Inquiry based learning……

Okay so what is it exactly?

First off – buzz words seem to be bantered about often. Let’s take a look at some different styles.

According to Laura Davis from  (full article here:

Project-based learning

  • Definition: Students create a written, oral, visual or multimedia project with an authentic audience and purpose. Project-based learning is usually done in English, social studies or foreign-language class.
  • Example: Teacher Heather Wolpert-Gawron’s ELA students wanted to fix the broken bell at their school. They developed a thesis, organized a petition, wrote letters and prepared an oral statement that was read to the principal.
  • Teaching Tip: Make sure your project doesn’t just have students regurgitate knowledge. For example, don’t have students make a map that displays information from a textbook. Have students discover their own findings for their projects.
  • For More Info: Edutopia’s Project-Based Learning Professional Development Guide includes a variety of student examples.

Problem-based learning

  • Definition: Students investigate and solve a real-world problem. To do so, students must identify what they already know and what they need to learn, and then they find and apply knowledge. Problem-based learning often takes place in math and science class. It doesn’t necessarily include a project at the end so it doesn’t always take as long as project-based learning.
  • Example: Nancy Sulla, author of “Students Taking Charge: Inside the Learner-Active, Technology-Infused Classroom,” gives this science example: Researchers are conflicted on whether we can use certain types of bacteria to clean up radioactive pollution in water. Have students use the scientific method, evaluate data on bacteria, and decide how one bacteria or a combination of them would work effectively as microscopic radioactive pollution eaters.
  • Teaching Tip: Make sure you choose a problem that is open-ended and has no one right answer.
  • For More Info: This site from the University of Delaware offers a variety of problems from which teachers can choose.

Inquiry-based learning

  • Definition: Students explore a question in-depth and ask further questions to gather knowledge. This method is often done in science but can be done in any subject area.

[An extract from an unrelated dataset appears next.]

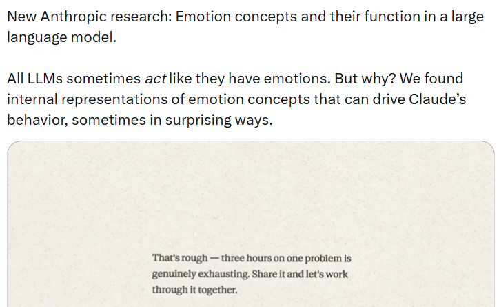 “This is not to say that the model has or experiences emotions in the way that a human does,” they said. “Rather, these representations can play a causal role in shaping model behavior, analogous in some ways to the role emotions play in human behavior, with impacts on task performance and decision-making.”

The term “inquiry” has been around for years; some people say that problem-based learning is just the new term for the same thing.
  • Example: Teacher Winnifred Bolinsky used inquiry-based learning to help students understand the physics principle of inertia.
  • Teaching Tip: Give students a variety of ways to gather knowledge — not just on the computer but through hands-on learning.
  • For More Info: Examples and video clips of inquiry-based learning can be found on Thirteen’s Edonline site


It seems to me that these styles are shades of grey in the same painting.  My dear SPiCEY son likes to DO stuff (kinesthetic learning), more than watch (visual or spatial), listen (auditory or linguistic) or read stuff.


I found this page that was interesting, as it shows different ideas to help you use a preferred style to a person’s learning advantage…. check it out.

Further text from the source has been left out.